Opportunities like this will become more valued in the future, as stakeholders realise waste is actually a precious resource.
An important first step is to work with governments to rethink construction codes and regulations, providing opportunity to repurpose waste on an industrial-scale.
Then we need to invest to develop bio-based materials, proving their applicability from a performance standpoint, for example, in respect to fire performance or durability.
Improved understanding will allow us to exploit the huge untapped potential of organic resources in construction for specific applications.
Bio-composite materials are a mix of bio-polymers and natural fibres. Their advantage is that, depending on the case and polymer composition, they are compostable and biodegradable.
These products are derived from natural resources that grow abundantly in nature, such as hemp, flex, jute and soy so are potentially infinite, regenerable, and clean.

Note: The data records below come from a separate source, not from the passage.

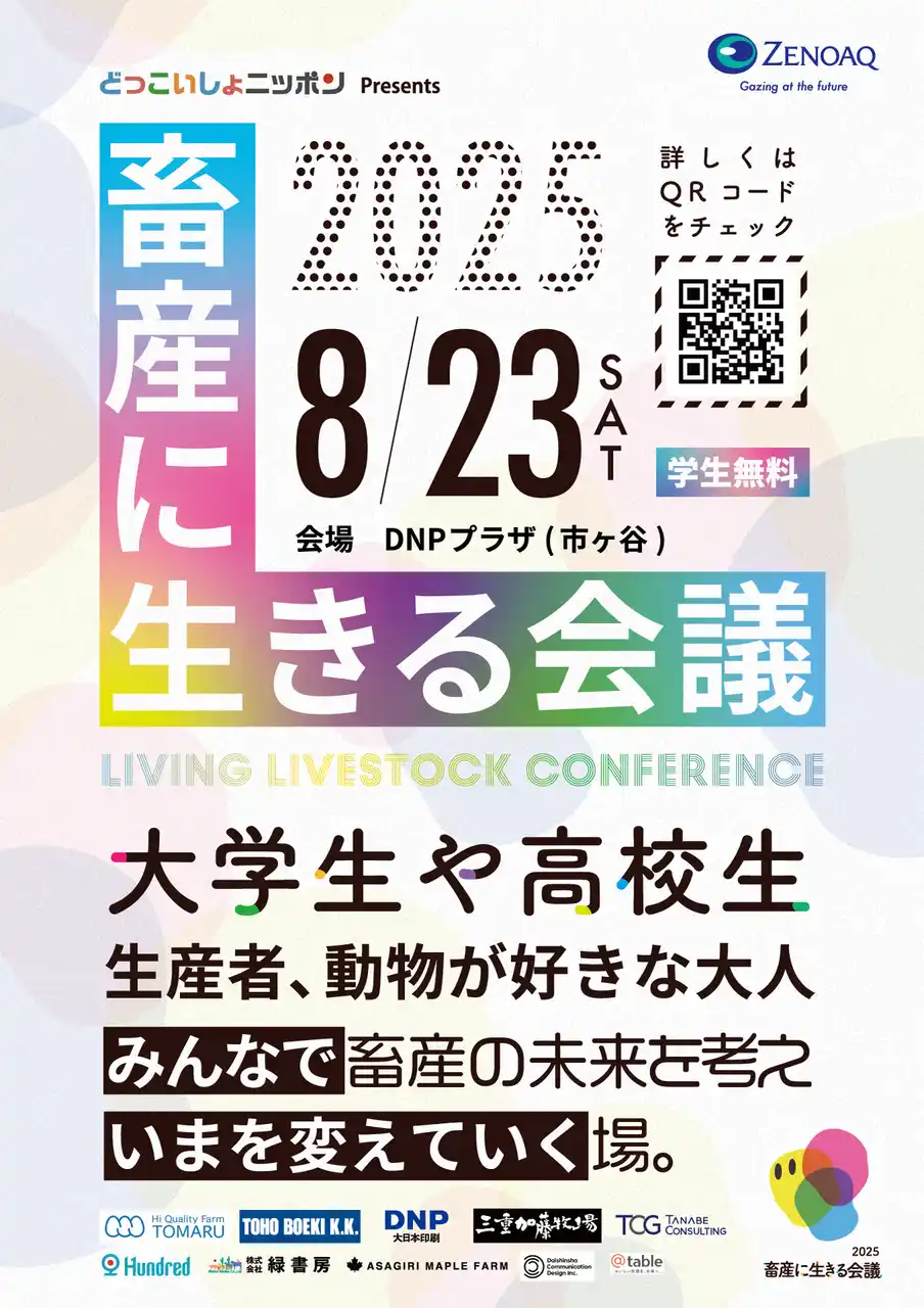 | 動物用医薬品メーカーの日本全薬工業株式会社(ゼノアック)が運営するメディア「どっこいしょニッポン」は、2025年8月23日(土)にDNPプラザ(東京・市ケ谷)にて、畜産業界の未来を考えるキャリアイベント「畜産に生きる会議」を開催します。これまで農業高校・大学など延べ56校、339名以上が参加した「農高アカデミー」を拡大した本イベントでは、第一線で活躍する生産者や、富士通、DNPといった異業種企業の社会人が登壇。学生(参加無料)は、AIを活用したワークショップやリアルなトークセッションを通じて、業界の多様なキャリアパスと未来を考えます。 | ||||||||||||||
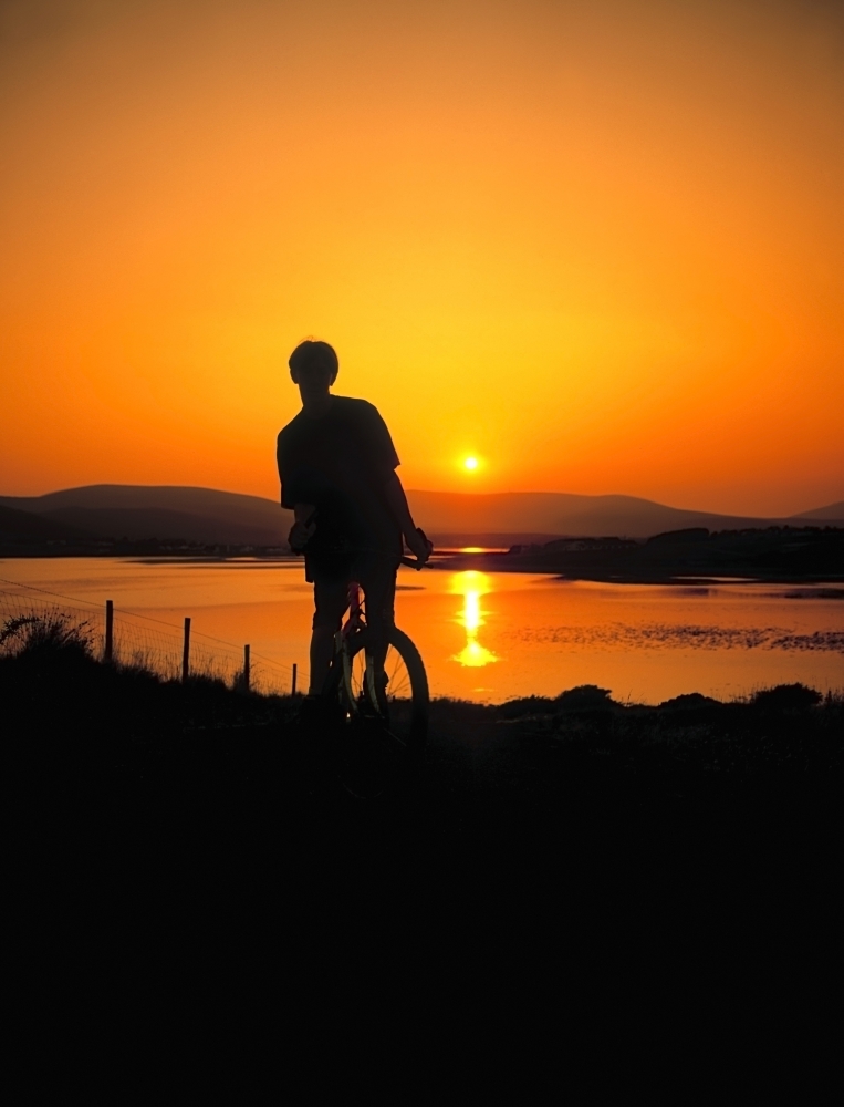 Posterazzi DPI1797894 Achill Island Co Mayo Ireland - Silhouetted Man On A Mountain Bike Poster Print by The Irish Image
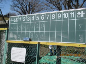 朝9時からつきみ野野球場で卒団生+4・5年生 対 指導者・卒団生の保護者+1・2・3年生で送別紅白戦を行いました。代表・顧問も投手で登壇、真剣な中にも和気あいあいの試合、仲良く5:5の引き分けとなりました。球場で第一回目の卒団生人の輪トンネルで送り出し。
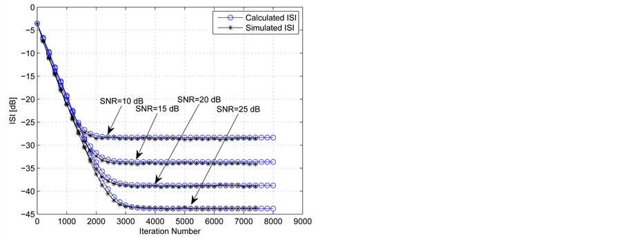 Figure 2. A comparison between the simulated and calculated ISI for the 16QAM source input going through channel1 for different SNR values. The averaged results were obtained in 100 Monte Carlo trials. The equalizer’s tap length and step-size parameter were set to 27 and 0.0002 respectively.
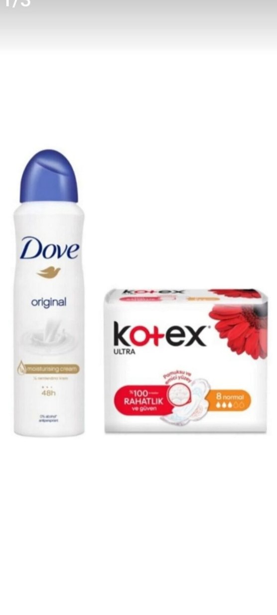 Dove Original deodorant, nemlendirici krem ile 48 saat ferahlık sağlar. Kotex Ultra pedler rahatlık ve güvenilir koruma sunar.
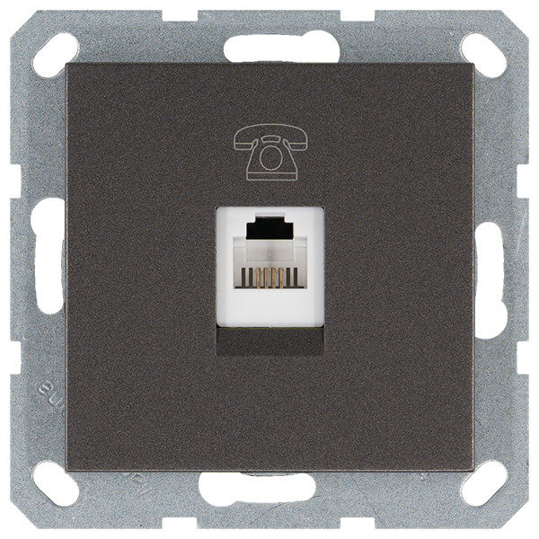 Телефонная розетка RJ11 с накладкой, цвет Антрацит, G6101B, JASMART

Arup recently demonstrated that a circular building approach, using entirely re-usable components, is very possible - through the circular house project.
A number of factors need to be refined to make circular buildings more attractive from an investment standpoint, as well as to mitigate associated risks.

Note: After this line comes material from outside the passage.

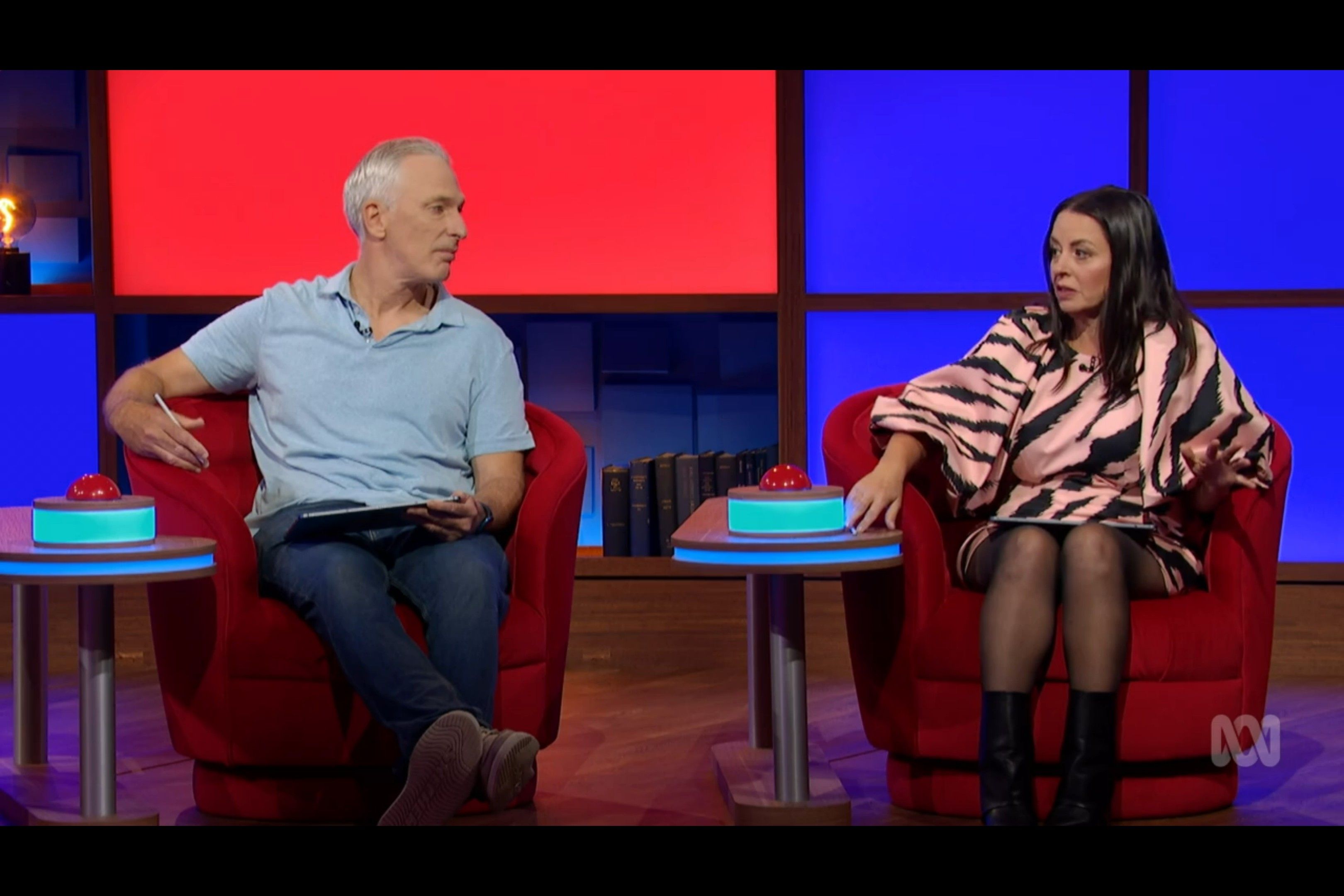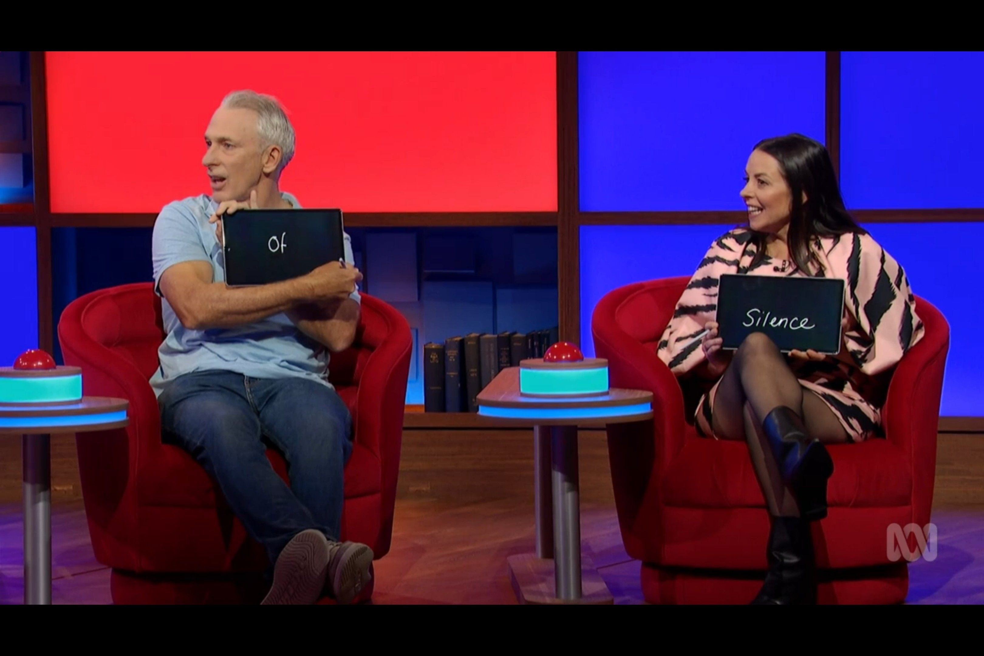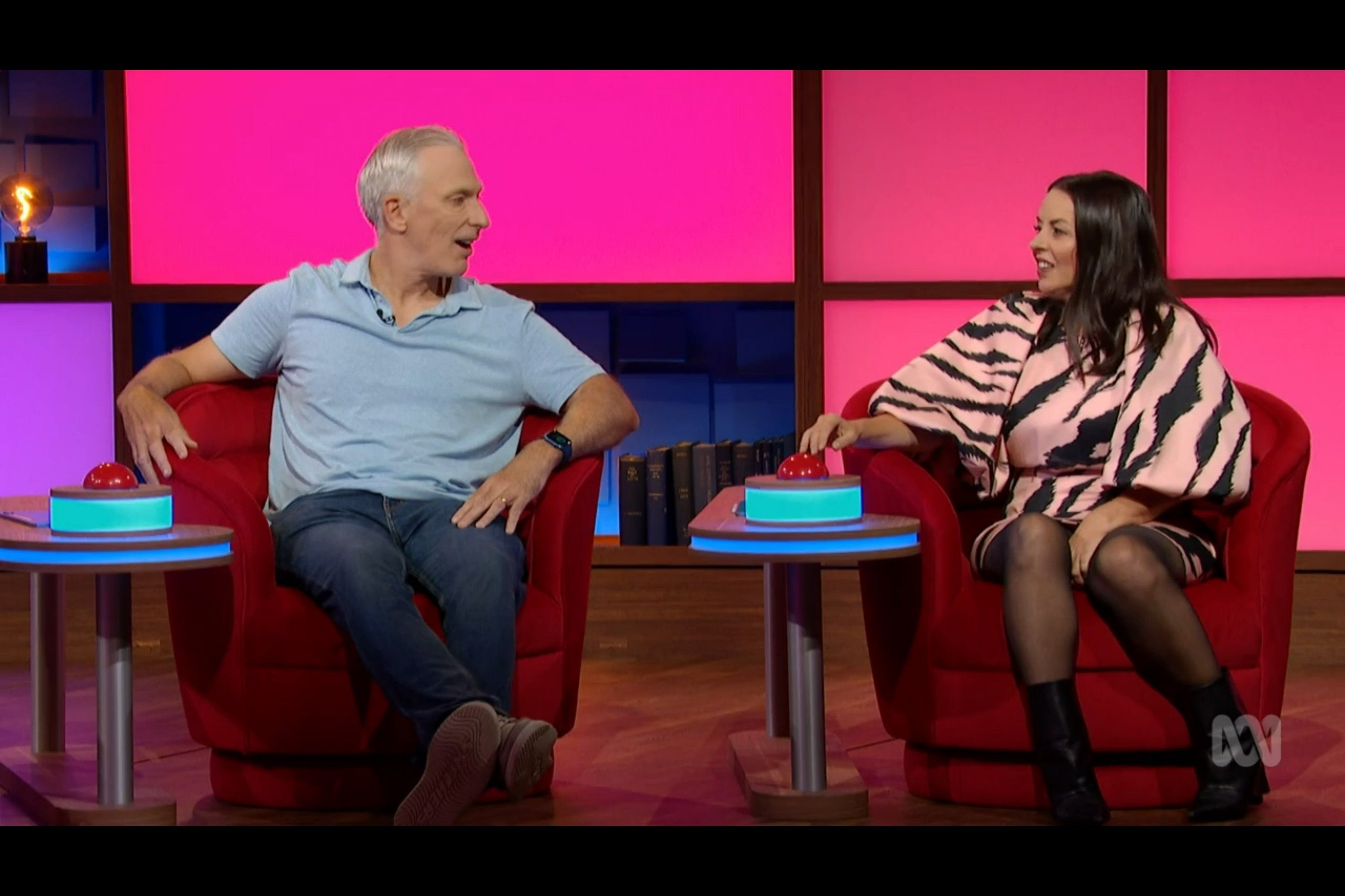 Myf showing a bit of thigh on an ABC game show hosted by Claire Hooper I came across.

Regulations and a governance-level approach will be needed to make this transition happen in the future, alongside a large education campaign to make stakeholders aware of the benefits of a circular economy.
Three ways structural engineers can help create a zero-waste future:
- Design for the end of life - engineers should work for a different design approach, that pays more attention to the end of buildings’ lives, and how structural components could be designed to be easily detachable and possibly re-usable.
- Design for future flexibility - engineers can ask design teams to consider buildings’ future functional implementation, in case of design life extension and repurposing.
- Design for an efficient use of resources - engineers should promote the use of the latest manufacturing technologies to minimise resource consumption, without compromising the performance.